The teachers union, according to an NJ Advance Media report, had disputed that any agreement was reached.

“I think what’s been described as an agreement is really a roadmap and a path forward,” the parent of NJ.com quoted Edward Richardson, executive director of the NJEA, as saying.

Another union leader was even more perturbed.

“The pension plan’s long-term problem has always been the state refusing to put the money in,” Hetty Rosenstein, New Jersey state director of the Communications Workers of America, said in a prepared statement. “Gov. Christie said as much when he signed his much-touted Chapter 78 in 2011, claiming his law would fix this. Now, here we go again. No matter how many back-room meetings transpire, there won’t be a solution until we address the problem by putting the legally required money into the pension.

“If Christie continues to break the law — which was upheld yesterday in court — New Jersey’s pension funds could go bankrupt in 10 years.”

Despite the emphasis on pensions, Christie discussed other issues, as well.

In fact, he started off by touting a sixth straight budget with “no new taxes on the people of New Jersey.”

Christie also pointed out that his proposed budget holds the line on spending with its $33.8 billion figure, which is $2.3 billion less in discretionary spending than in Fiscal 2008, shortly before he took over as governor.

“When we arrived here, spending had risen 58 percent in the previous eight years,” he said in his remarks. “Taxes were increased 115 times.

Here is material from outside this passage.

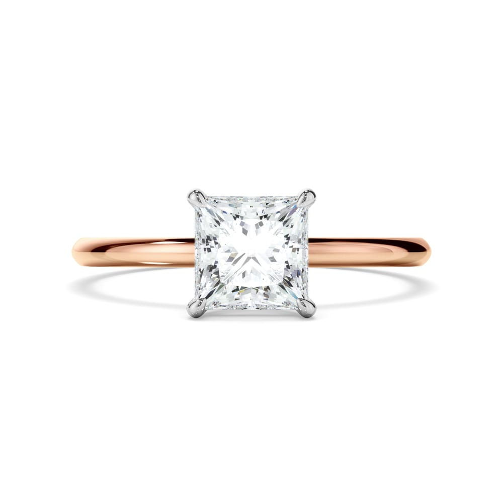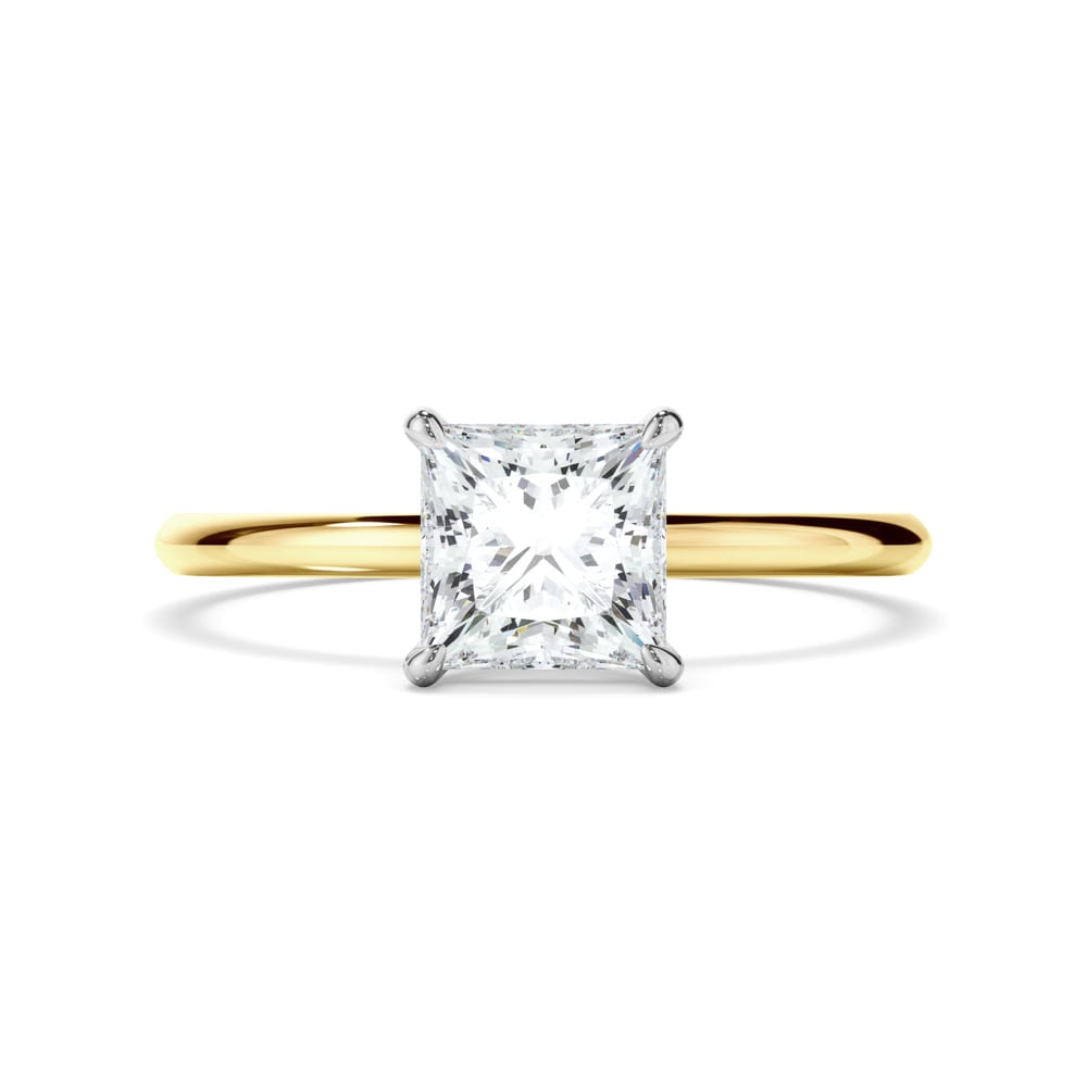 Classic elegance meets refined craftsmanship in this 18ct yellow and white gold solitaire engagement ring. A stunning princess-cut diamond is securely set in a white gold six-claw setting, allowing for maximum brilliance. The high-polished yellow gold 1.9mm band provides a sleek and timeless finish, complemented by a 6.7mm setting height for perfect proportions. Expertly crafted by Robert Cliff Master Jewellers.

Jobs and people were leaving the state. Unemployment was too high. We had to change direction. And we got it done.”

Christie’s version of “no new taxes” was greeted with applause by the state’s business community.

“We appreciate that many aspects of the governor’s budget plan remain business friendly,” New Jersey Chamber of Commerce CEO and President Thomas Bracken said in a prepared statement after the speech. “The budget contains no business tax increases and no business tax policy changes, and it contains the final year of phased-in business tax cuts that were initiated several years ago.”

One issue that did not make the cut for Christie’s remarks, however, was the beleaguered Transportation Trust Fund. On Tuesday, Christie’s laments about “the cost of inaction” were directed elsewhere.

That omission did not go over well with some interested parties, either.

 “The governor … did not talk about our transportation networks, even though in less than five months the fund that pays for maintaining and improving these vital economic assets will have zero money for new projects,” New Jersey Policy Perspective’s MacInnes said. “For New Jersey to grow its laggard economy, it is essential that the Transportation Trust Fund be replenished with significant and stable new funding. This is an emergency that the governor failed to even recognize, never mind suggesting a pathway to a solution.”

And, as might be expected, Democrats were simply not impressed with the budget or remarks.

“Chris Christie’s consistent focus on self-promotion instead of what’s best for his state has resulted in a lagging New Jersey economy and a disastrous budget crisis,” Democratic National Committee press secretary Holly Shulman said in a prepared statement. “And in today’s address, Christie only offered more of the same. The facts are clear: Chris Christie has led New Jersey off a fiscal cliff. … Just imagine what (he) would do to America.”

After all the details and debate, however, the governor’s bottom line was characteristically blunt:

“I will never stop coming into this chamber and giving hard truths, and I will never give up on New Jersey.”